In any case, Geohub has been working very reliably for me and some friends. No crashes have been reported, and I don’t have to care about day-to-day maintenance.

Ingestion

Now with all the technical stuff out of the way, let’s take a look at how Geohub is actually used. I mentioned above that there are various apps already allowing ingestion, which is pleasant, as I didn’t have to write my own. Apart from that, I wrote two Python clients that can be found in the examples directory.

One is called track_ICE, and does just that: German high speed trains (ICE, InterCity Express) and most IC (InterCity) trains present a location API on their on-board WiFi. Then, even with poor GPS reception, we can log reliable location updates to a Geohub instance. Due to some sampling issues (the reported location is only updated every couple seconds), this is slightly worse than an actual GPS receiver – but obviously much better than the spotty GPS signal inside a train.

The other one connects to gpsd and enables high-frequency high-accuracy ingestion of NMEA reported points. We can either use a computer-attached GPS receiver and report the gpsd data, or use a gpsd forwarding app on a phone sending NMEA UDP packets to a gpsd instance which makes it available to the gpsd.py script.

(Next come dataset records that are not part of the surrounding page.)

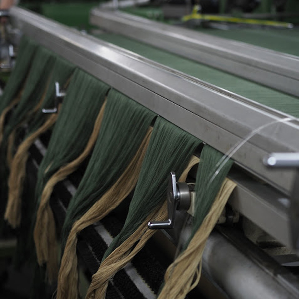 緯糸には、東和毛織の「フロート」というメリノウール糸を採用。一般的なメリノウールよりも繊維が細く、なめらかな肌触りと、美しい発色をあわせ持つ一級品です。
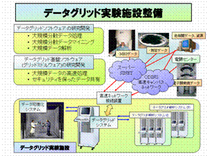 2003年1月、サイバーメディアセンター吹田地区を中心にデータグリッド基盤システムが整備された。データグリッド基盤システムは、本センターが中心となって研究開発を行っているグリッドコンピューティング技術による共同研究環境の基盤として導入された。最近、様々な分野において理論研究者と実験・観測研究者が協力して1つの問題に取り組むという機運が高まっているが、現状ではお互いに離れた研究機関で得られたシミュレーションや実験などの大量のデータを共有し、容易に解析、可視化する環境の構築はなされていない。本システムでは、このような共同研究における要求を満たすために、大規模データの高速な解析処理やセキュリティを伴ったデータ共有、データの可視化をスムーズに行う機能を提供している。
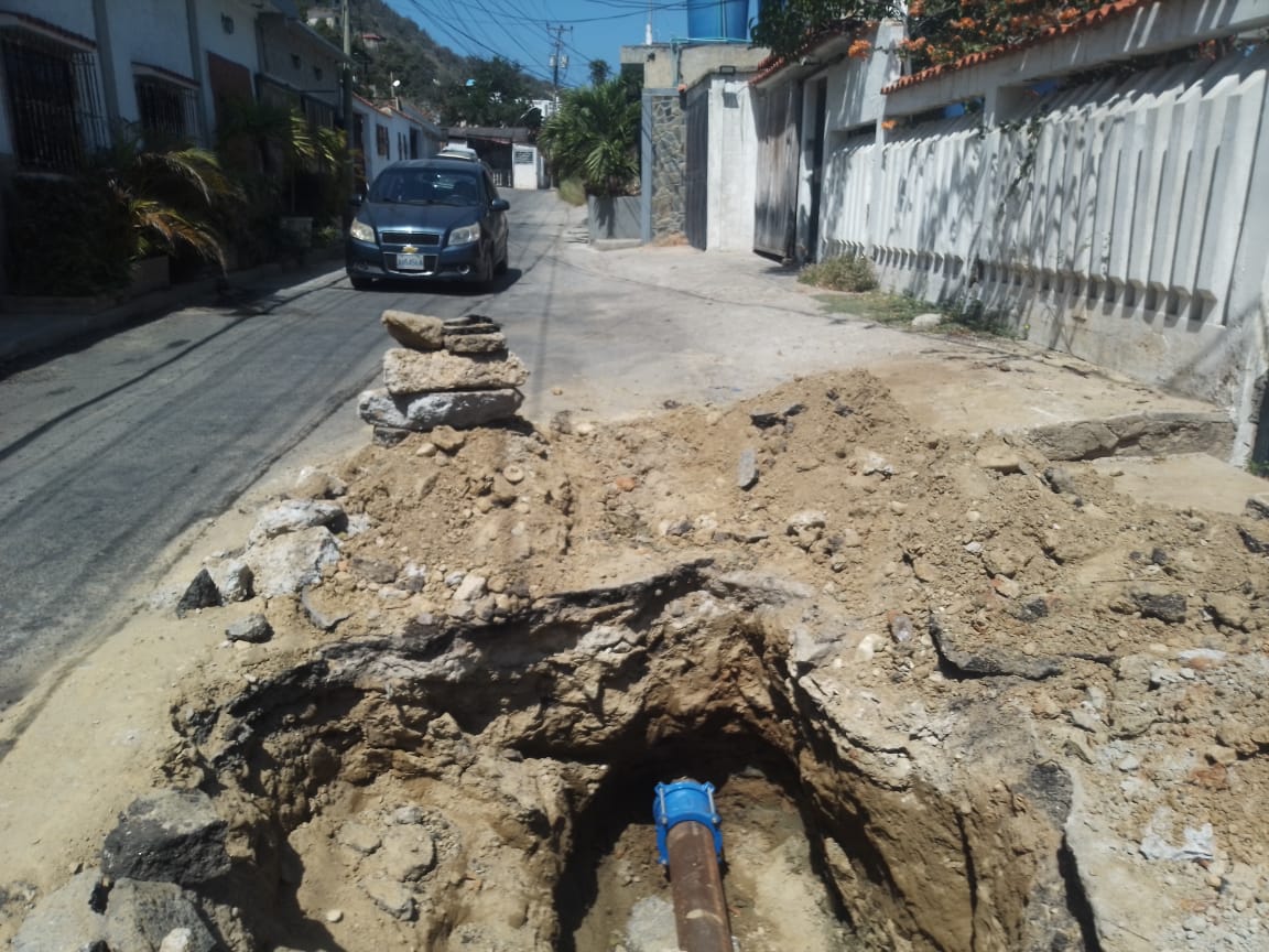 Hidrocapital realizó reparaciones por una avería, pero dejó este hueco abierto que pone en riesgo a conductores y peatones. Los vecinos hacen un llamado público para que agilicen la finalización de los trabajos en la calle Santa Rita con Bella Vista, Playa Verde
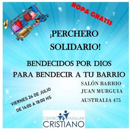 El Barrio Juan Murguía recibirá al Perchero Solidario del Centro Familiar Cristiano de 14.00 a 18.00 horas.
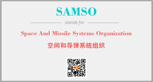 上述内容是“Space And Missile Systems Organization”作为“SAMSO”的缩写,解释为“空间和导弹系统组织”时的信息,以及英文缩略词SAMSO所代表的英文单词,其对应的中文拼音、详细解释以及在英文中的流行度和相关分类、应用领域及应用示例等。
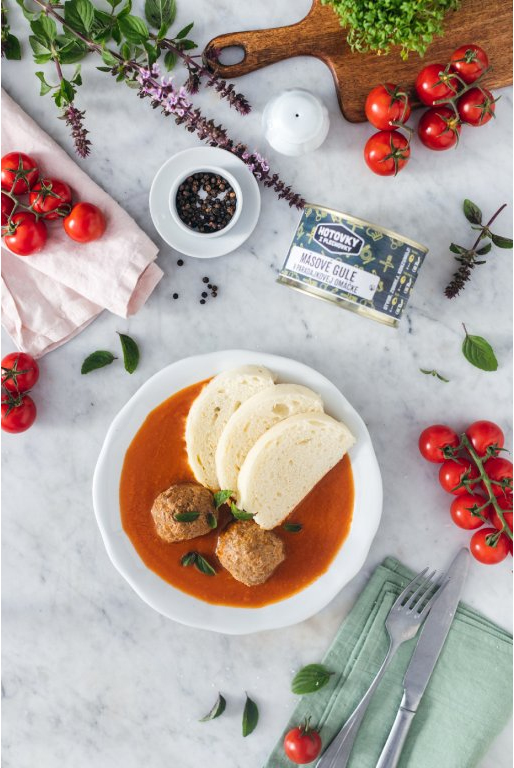 Zloženie: hovädzie a bravčové mäso, VAJCIA, STRÚHANKA (LEPOK), solamyl, mrkva, paštrnák, ZELER, rajčinové pyré, voda, repkový olej, PŠENIČNÁ MÚKA, sol, cukor, zmes korenia
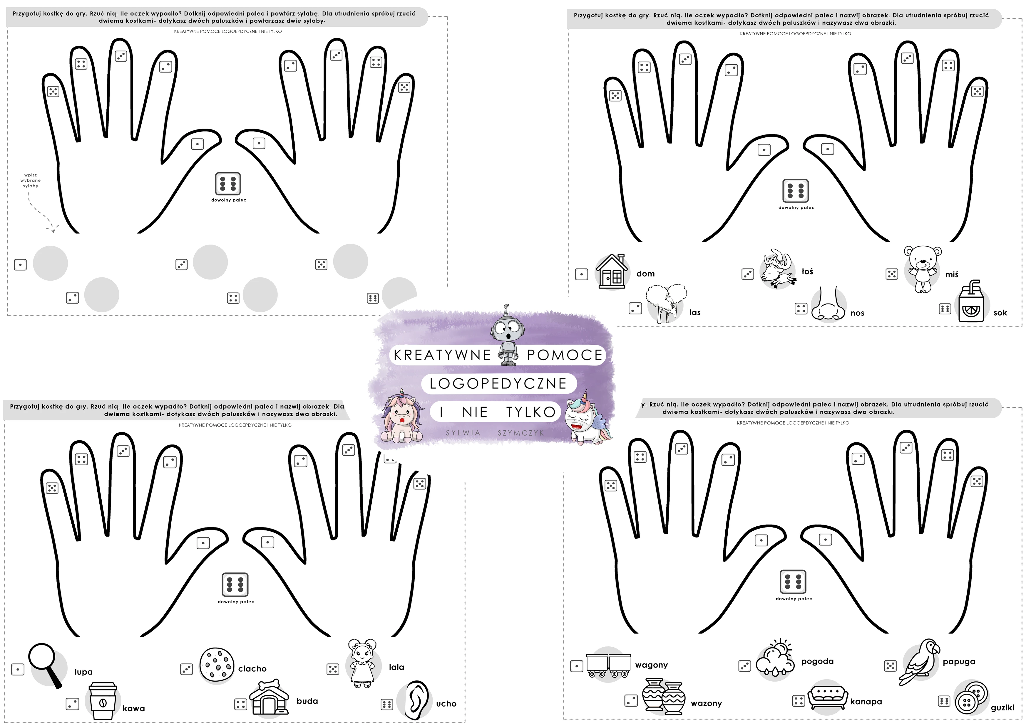 DŁONIE- ZABAWA Z KOSTKAMI, PROSTE SŁOWA
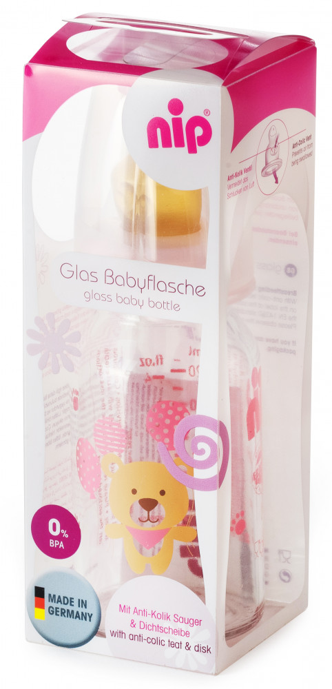 NIP Бутылочка стеклянная с соской из латексаВ данный момент этот товар отсутствует в продаже. Возможно, у нас найдется аналогичный или похожий товар здесь. Детская бутылочка выпускается в комплекте с соской. Антиколиковое отверстие предотвращает заглатывание воздуха. Рекомендуемый возраст: с рождения. |
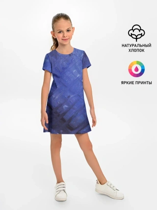 Детское платье / Синие акварельные мазки
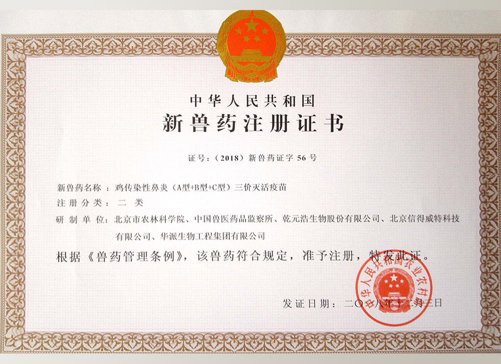 鸡传染性鼻炎(A型+B型+C型)三价灭活疫苗
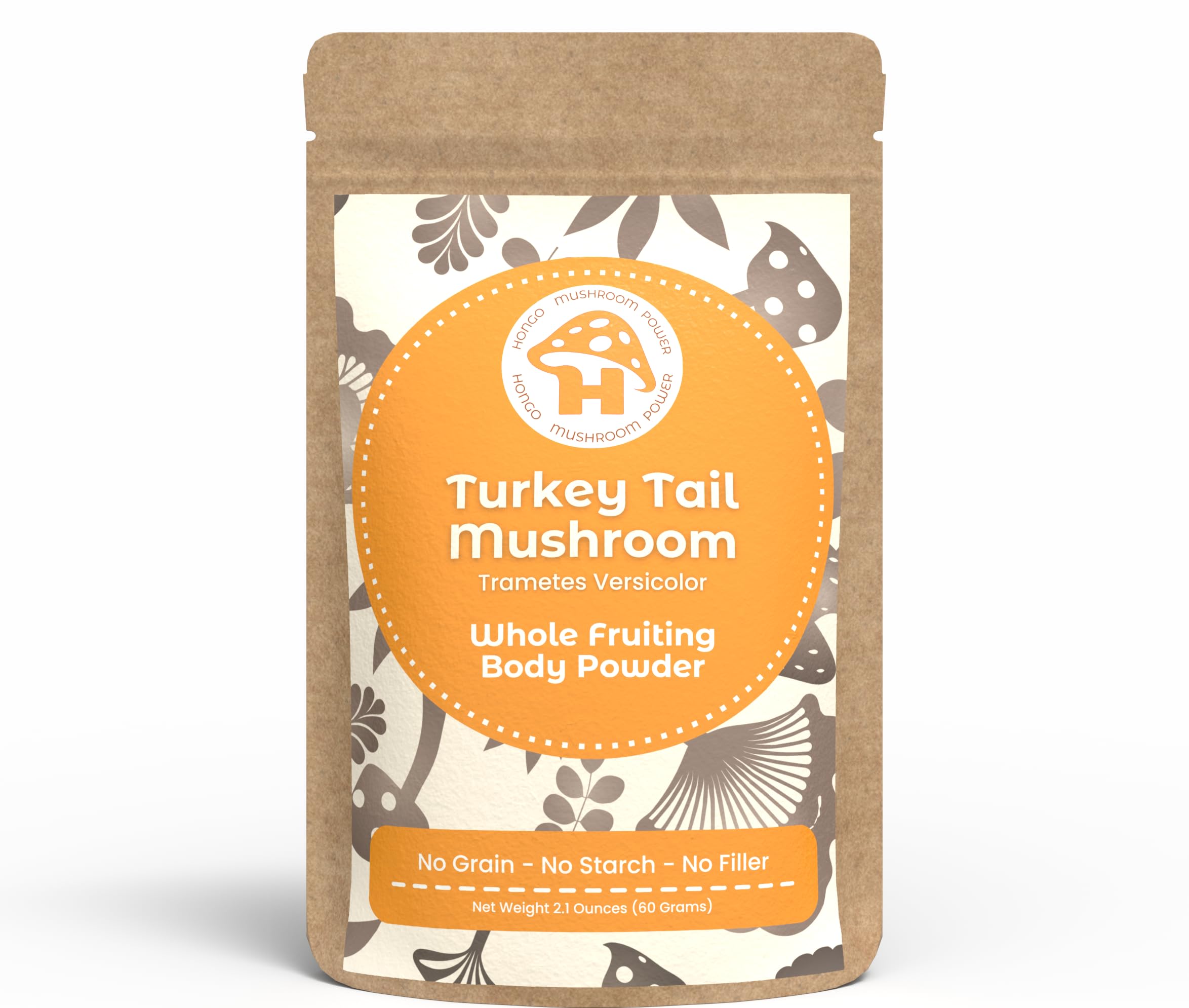 Hongo Mushroom Power - Turkey Tail Mushroom Powder - Pure Fruiting Body No Grains No FIllers 60g Pouch
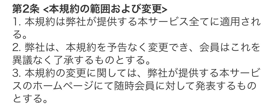 これは知らない間にサイト側に有利な改定をされる可能性があり、会員はそれに対して文句は言えないということになりますます。
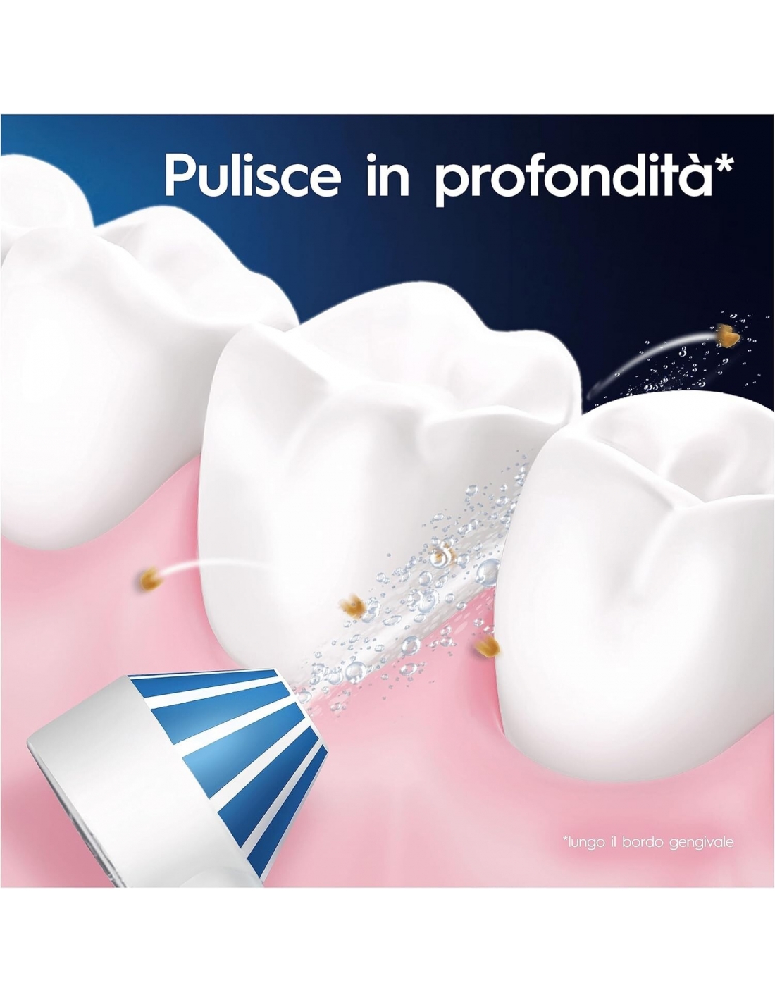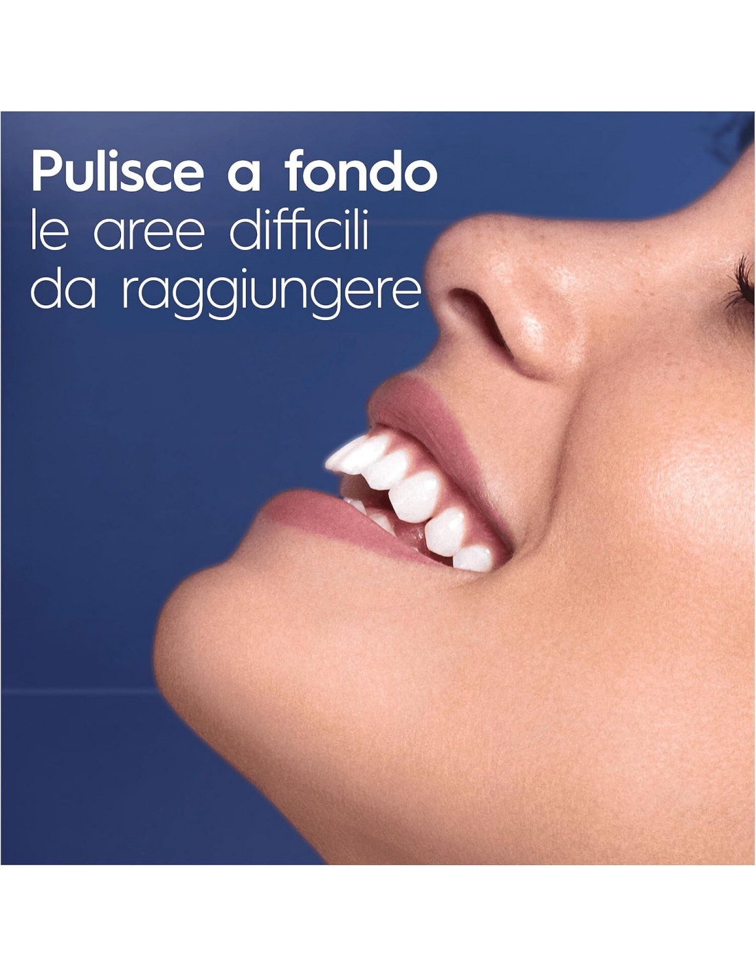 - Pulisce in profondità tra i denti e purifica sotto il bordo gengivale

Both scripts are relatively short, showing how easy it is to ingest points to Geohub: all that’s needed is import json and import requests!

There is also a web-based ingestion script called trackme.html, which uses XHR requests to deliver Location API data from the browser to the API: I mostly used this for debugging, as it’s not very reliable for long-term data recording.

TrackMe

UI

Finally, we want to make the ingested data available to our friends. For that, I wrote a bare-bones UI which has proven to be quite reliable. Without any framework, it loads quickly on all devices and has in general proven quite useful. It issues XHR requests to the live tracking endpoint described above, offering real-time location updates. I chose MapBox as map provider, as I like their style; the map is embedded using Leaflet, meaning that other map providers can be integrated without trouble too. A tooltip shows the most recent location, along with timestamp and speed. The location accuracy is indicated with a circle, and a the complete track can be downloaded as either GPX or GeoJSON file.

LiveMap

Conclusion

Even though this project is far from being highly polished, I’ve had quite some fun with it. It took only a couple lines of code to write both backend and UI, and has proven very stable so far.

Of all the potential improvements, I’m planning to look into using a more asynchronous model next, to allow for better scalability. On the same issue, it would be nice to use websockets instead of hanging HTTP requests for the live updates – with modern Rust web frameworks, I’m sure there already exists a solution for this. Rocket is supposed to come out with a Tokio-based release 0.5 soon-ish (?), and with PostgreSQL libraries based on Tokio already being available, there shouldn’t be much stopping me from migrating. At that point, nothing should be in the way of scaling to thousands of clients.